## WHAT YOU HAVE TO DO:
Write out exactly the lines below from the one containing "Нидерланды медаль, 10" to the last, both ends kept, and nothing more; skip all pictures.

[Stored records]
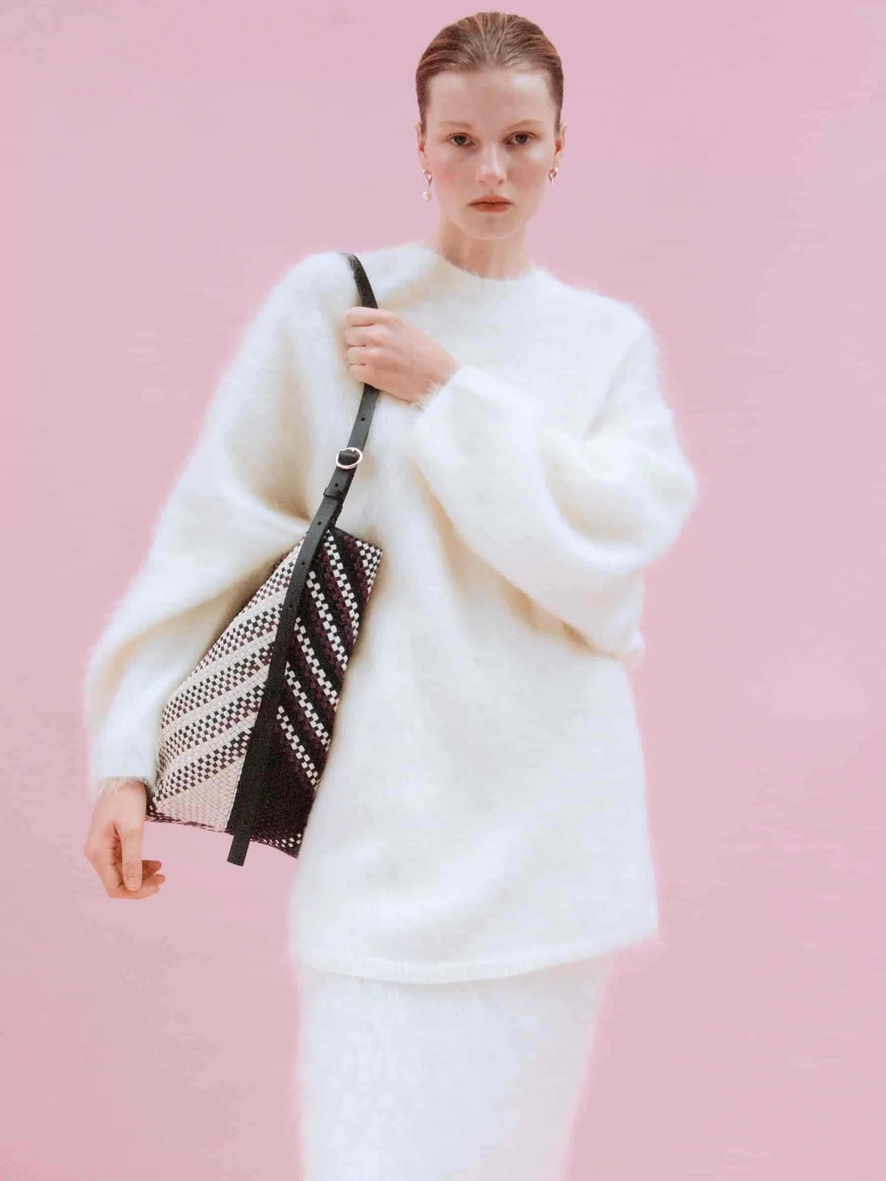 ARKE Dam Tygväska i vävt läder Vit/svart/mörkröd
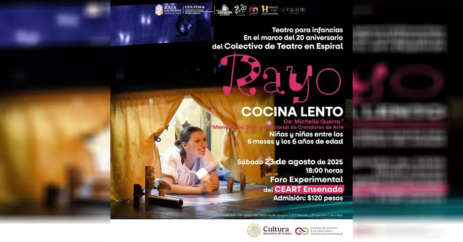 Para el sábado 23 de agosto, llega la puesta en escena Rayo Cocina Lento, una exploración sensorial y poética del tiempo, la memoria y los afectos. Rayo decide hornear galletas para recibir a su tía, y en cada paso de la receta se activan recuerdos, paisajes y emociones. La harina, el calor, la luz y el sonido se convierten en ingredientes de una historia entrañable que viaja desde la cocina hasta los paisajes más lejanos de la infancia. Ésta tiene un costo de 120 pesos.
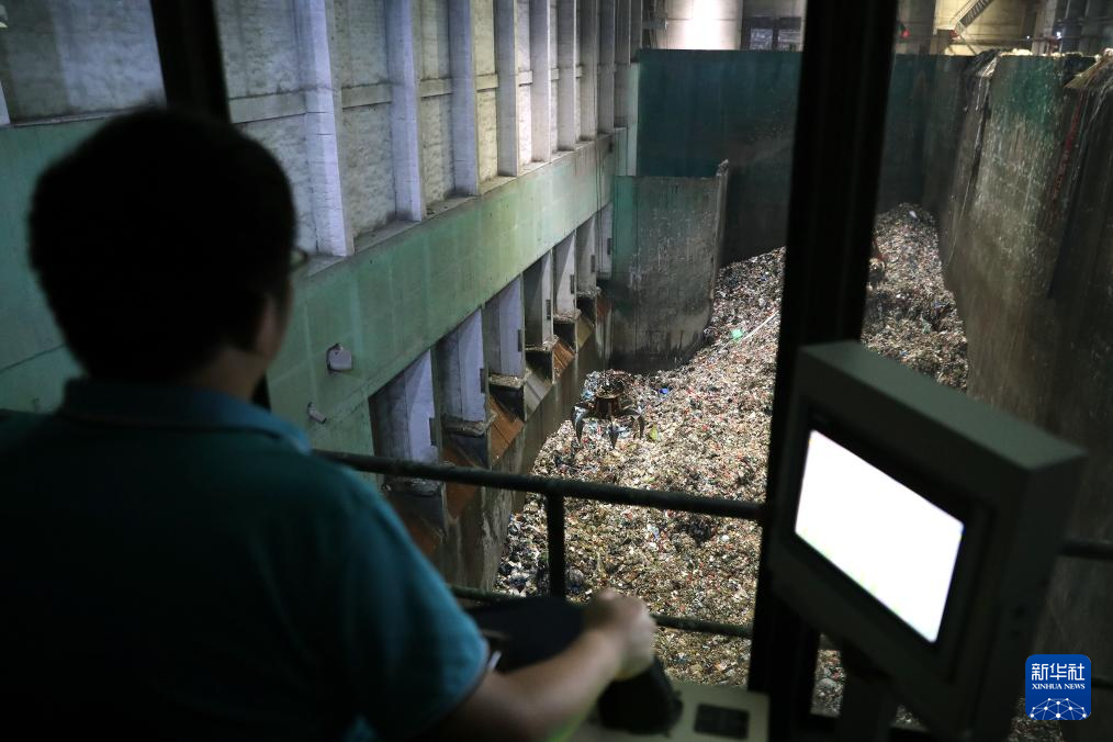 此時(shí),類似抓娃娃機(jī)爪子的巨大垃圾吊,正將約8噸重的生活垃圾抓起并投入爐膛溫度高達(dá)上千攝氏度的焚燒爐。
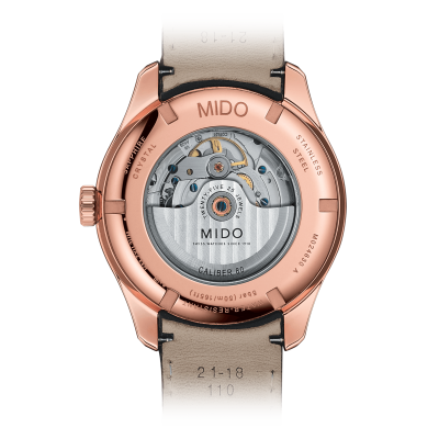 Циферблат этих швейцарских часов Belluna Sunray с узором в виде солнечных лучей перекликается с куполом Королевского Альберт-Холла. Полированный и сатинированный корпус придает дополнительный шик этим элегантным часам. Сквозь прозрачную заднюю крышку виден автоматический механизм Mido Caliber 80 с запасом хода до 80 часов.
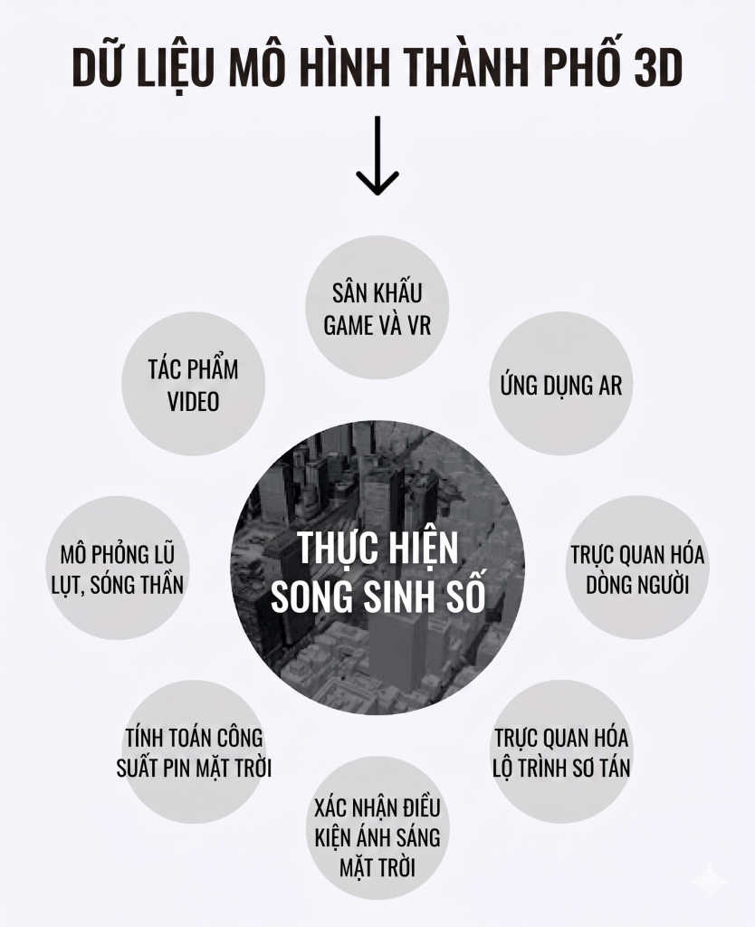 Thứ ba, mô hình 3D có thể trở thành “sân khấu” cho game, VR, AR và sản xuất nội dung. Lý do không chỉ vì nó chi tiết, mà còn vì hình dạng được mô tả chính xác và gắn với kinh vĩ độ, nên việc “đè khít” nội dung số lên thế giới thật—đặc biệt trong AR—trở nên thuận lợi hơn.
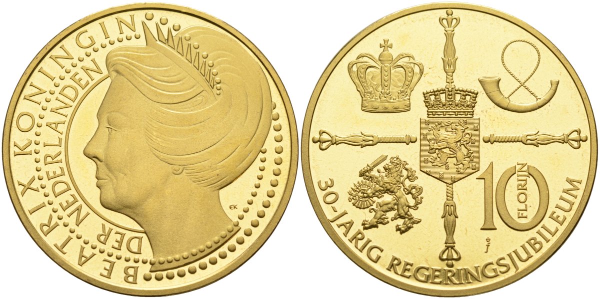 Нидерланды медаль, 10 флоринов 2010 30 лет правления королевы Беатрикс, диаметр 35 мм., позолота бронза PROOFLIKE 4558-934
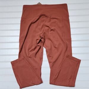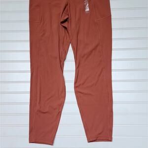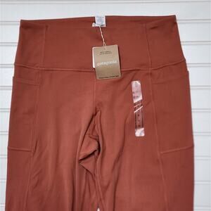 NWT Patagonia Women's Maipo 7/8 Stash Tights/Leggings, size L, color is called Burl Red, soft, wicking fabric, fast-drying performance, high-rise performance tights with a 7/8 length, two drop-in side pockets easily fit a phone or other items on the go, inseam is 26", versatile, lightweight, performance-oriented, fully featured tights are made for the sort of multisport activity that Chile's Maipo Valley is known for—from running to climbing to hiking to yoga, plus everything in between. Retail $119.
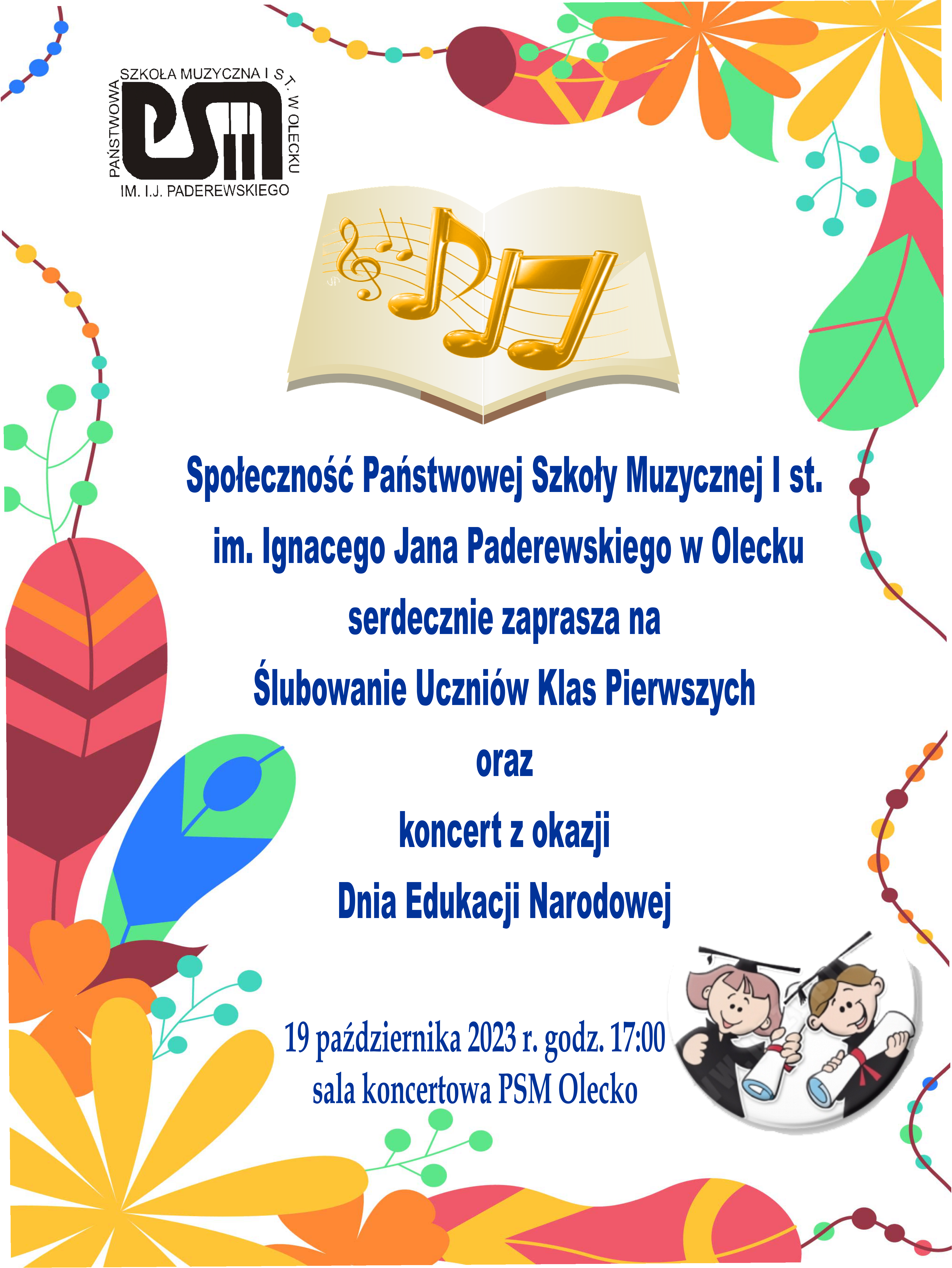 Państwowa Szkoła Muzyczna I stopnia im. Ignacego Jana Paderewskiego w Olecku serdecznie zaprasza na ślubowanie uczniów klas pierwszych oraz koncert z okazji Dnia Edukacji Narodowej, które odbędą się dnia 19 października 2023 r. o godz. 17.00 w sali koncertowej PSM Olecko.

## RESPONSE AREA:
 Нидерланды медаль, 10 флоринов 2010 30 лет правления королевы Беатрикс, диаметр 35 мм., позолота бронза PROOFLIKE 4558-934
 NWT Patagonia Women's Maipo 7/8 Stash Tights/Leggings, size L, color is called Burl Red, soft, wicking fabric, fast-drying performance, high-rise performance tights with a 7/8 length, two drop-in side pockets easily fit a phone or other items on the go, inseam is 26", versatile, lightweight, performance-oriented, fully featured tights are made for the sort of multisport activity that Chile's Maipo Valley is known for—from running to climbing to hiking to yoga, plus everything in between. Retail $119.
 Państwowa Szkoła Muzyczna I stopnia im. Ignacego Jana Paderewskiego w Olecku serdecznie zaprasza na ślubowanie uczniów klas pierwszych oraz koncert z okazji Dnia Edukacji Narodowej, które odbędą się dnia 19 października 2023 r. o godz. 17.00 w sali koncertowej PSM Olecko.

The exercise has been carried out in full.